| Dataset section |

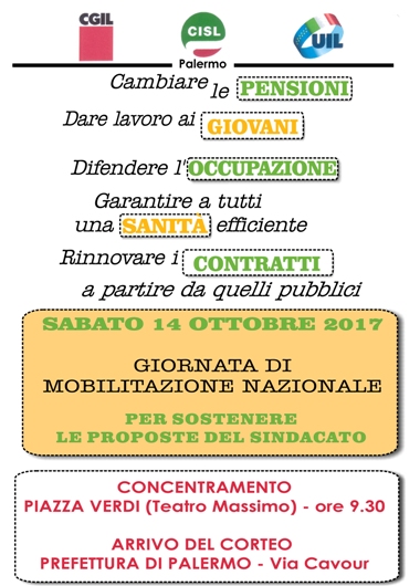 E’ una piattaforma che punta al rilancio, alla crescita e al benessere dei lavoratori, dei pensionati, dei giovani, delle famiglie in difficoltà, quella che porteranno in piazza domani Cgil Cisl Uil anche a Palermo, come in tutte le città italiane. Alle 9,30 il concentramento del corteo che si muoverà da piazza Verdi per raggiungere la sede della Prefettura in via Cavour, dove i sindacati presenteranno al Prefetto, le richieste rivolte al Governo nazionale sui provvedimenti da inserire nella prossima legge di stabilità.
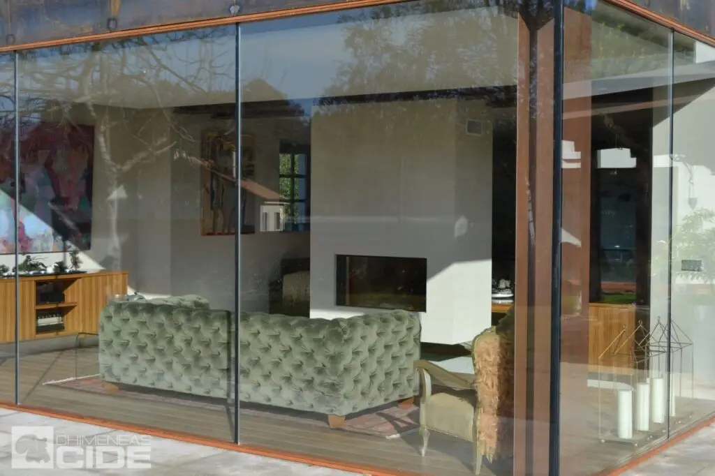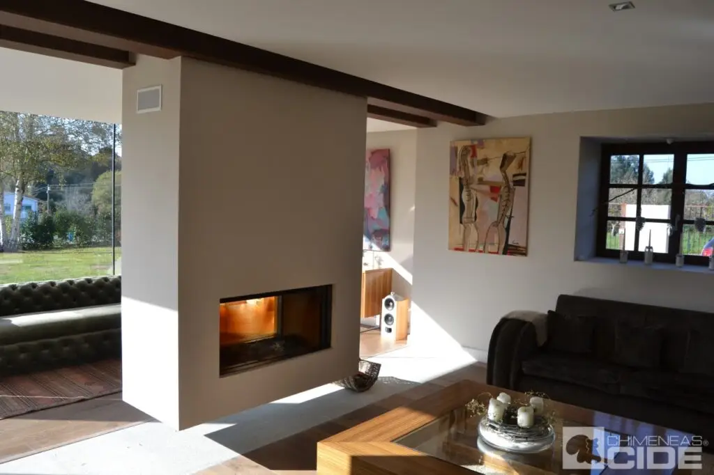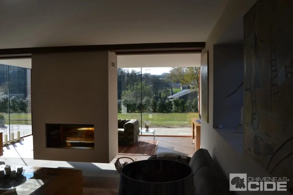 Al propietario no le gustaban las chimeneas centrales exentas, así que teníamos que idear la mejor manera de instalar una chimenea de obra. Finalmente decidimos que la mejor opción sería instalar un hogar grande, panorámico, que permitiese una gran visibilidad del fuego y de doble cara, que nos permitiese crear dos ambientes dentro de la estancia; así que elegimos el modelo Heat Pure 105 de Kal Fire.
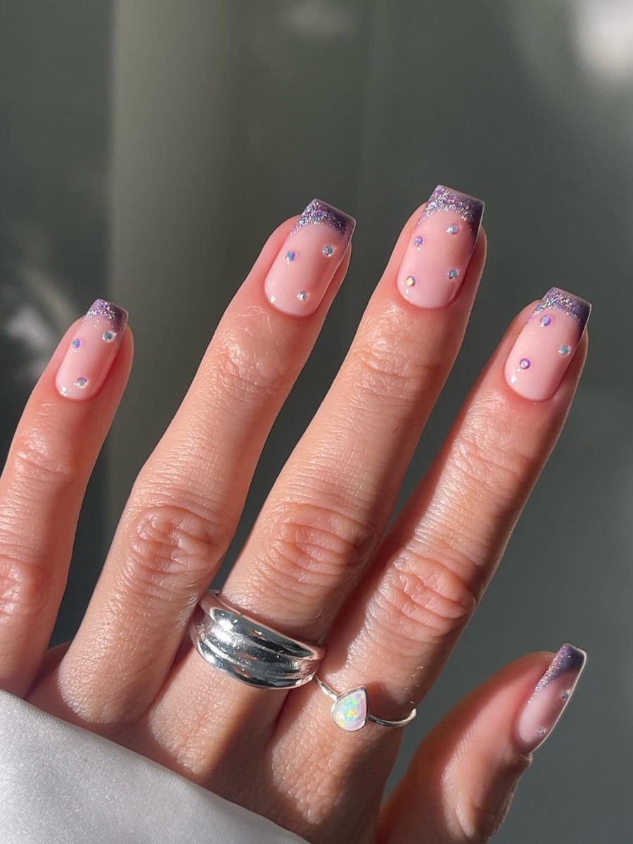 Lavender glitter στα tips και μικροσκοπικά κρύσταλλα στη διάφανη βάση.

| Exercise details |
Please give the data again unaltered, leaving out any images.

| Solved problem |
 E’ una piattaforma che punta al rilancio, alla crescita e al benessere dei lavoratori, dei pensionati, dei giovani, delle famiglie in difficoltà, quella che porteranno in piazza domani Cgil Cisl Uil anche a Palermo, come in tutte le città italiane. Alle 9,30 il concentramento del corteo che si muoverà da piazza Verdi per raggiungere la sede della Prefettura in via Cavour, dove i sindacati presenteranno al Prefetto, le richieste rivolte al Governo nazionale sui provvedimenti da inserire nella prossima legge di stabilità.
 Al propietario no le gustaban las chimeneas centrales exentas, así que teníamos que idear la mejor manera de instalar una chimenea de obra. Finalmente decidimos que la mejor opción sería instalar un hogar grande, panorámico, que permitiese una gran visibilidad del fuego y de doble cara, que nos permitiese crear dos ambientes dentro de la estancia; así que elegimos el modelo Heat Pure 105 de Kal Fire.
 Lavender glitter στα tips και μικροσκοπικά κρύσταλλα στη διάφανη βάση.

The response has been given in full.